The suitable dimensions for the parameter Z (=intermediate space between two lines of a row) are in the range from 0.1 to 10 mm; suitable values for V (=row offset between the line rows) are in the range from 0.1 to 10 mm. The row offset V may be in the form of either an overlap (i.e. positive) or a gap (i.e. negative).

The interrupted line screens are arranged in the longitudinal direction (i.e. based on the length L) at an angle α of from 10° to 80°, preferably at an angle α of from 20° to 70°, relative to the printing direction. The optional transverse lines QL are arranged at an angle β relative to the longitudinal lines L, the angle β being in the range from 5° to 175°, preferably in the range from 60° to 120°. Longitudinal lines and transverse lines can, however, also meet one another at an angle β, a hook-shaped screen being formed (cf. FIG. 7). In a further embodiment of the present invention, line screens with a flexible design structure can be used. It was found that by modifications of the line screen with different structures at the rim of the print image, a better edge definition in the printed motif (the layer on the substrate) can be achieved. To improve the ink transfer, the use of screens with semi-circles (FIG. 8a), rounded triangles (FIG. 8b), sinus waves (FIG. 8c) or polygons (FIG. 8d) is also suitable.

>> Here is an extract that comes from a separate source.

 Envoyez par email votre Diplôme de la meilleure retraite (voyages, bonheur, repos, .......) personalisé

Mainly at the beginning and at the end of the print image, a dislocation of the printing ink is observed. It was found that this effect can be prevented by the use of screens with longer transversal lines in this region. FIG. 9 shows the modification of the length of the transversal lines (QL) against the printing direction. FIG. 9a illustrates a print image on the gravure printing plate and the printing direction. It should be noted that the length of the transversal lines QL is decreasing towards the middle of the print image. Furthermore, the length of the transversal lines QL is decreasing and increasing in printing direction. For better illustration, FIG. 9b shows a magnified section of FIG. 9a with labeled L and QL.

The line screens with transversal lines mentioned above (e.g. FIG. 3 and FIGS. 5 to 9) provide smaller transversal lines compared to the longitudinal lines (QL<L). For this reason, the line screens have a preferred orientation in the printing direction.

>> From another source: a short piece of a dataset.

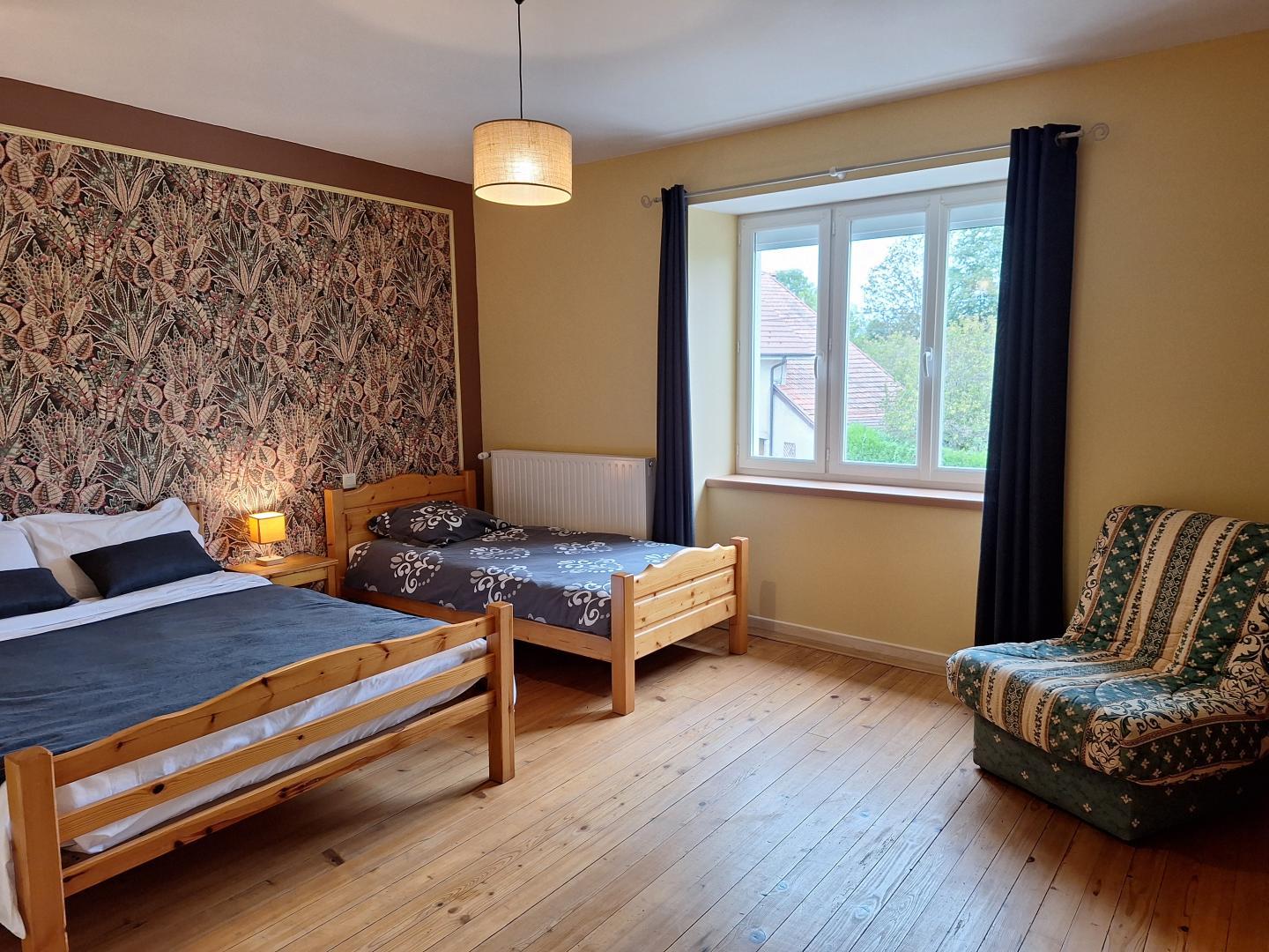 Cette maison mitoyenne sera le lieu idéal pour vos prochaines vacances : elle se compose au rez-de-chaussée d'une cuisine toute équipée, d'un espace salle à manger et d'un coin salon avec TV, d'une salle d'eau et d'un WC indépendant. A l'étage, 2 chambres, l'une avec 1 lit double 140*190 et la seconde avec 1 lit double 160*200 et un lit simple 90*190, un WC indépendant avec lavabo. Pour votre plus grand confort, les lits seront faits à votre arrivée et les serviettes sont fournies. Côté extérieur, vous pourrez profitez d'une terrasse close avec salon de jardin, barbecue et transats. Idéalement située, à proximité du lac de Chalain et de la région des lacs, vous pourrez également profiter des nombreux sentiers de randonnées situés à proximité du gîte.

In summary, it was found that, by means of the screen structures according to the invention, the transport movement (“dislocation”) of the ink within the printing plate or the print image is reduced and a uniform print motif is achieved. Further advantages are the greater edge definition of the print motif, the stabilization of the doctor and the lower level of wear (e.g. abrasion, damage to bars, etc.) of the printing plate cylinder.

In a preferred embodiment of the present invention, a chambered doctor blade system is applied. This system improves the ink distribution on the gravure cylinder and helps to prevent the evaporation of ink solvents in the ink reservoir. In general, a chambered doctor blade system comprises a chamber where the ink is filled in, an operative doctor blade and a closing doctor blade. Normally, the closing doctor blade is angled against the direction of rotation (i.e. negatively angled). It was found by the inventors, that, in order to prevent catching of the doctor blade, it is advantageous to set the closing doctor blade in the direction of rotation, i.e. identical to the operative doctor blade. Furthermore, the chamber should envelop a major part of the gravure printing plate cylinder in order to maximize the real inking time and to decrease the evaporation of ink solvents.

The catalyst layers produced with the printing plates or print images according to the invention are cohesive and continuous. They generally have a dry layer thickness in the range from 1 to 20 μm, preferably in the range from 2 to 15 μm and particularly preferably in the range from 5 to 10 μm. In the standard gravure printing method, screen patterns or dot patterns are usually produced but not cohesive areas. With the method according to the invention, on the other hand, catalyst layers having a cohesive, continuous structure can be produced. In the resulting print motif, only a negligible surface structure is detectable; the catalyst layers have little surface roughness.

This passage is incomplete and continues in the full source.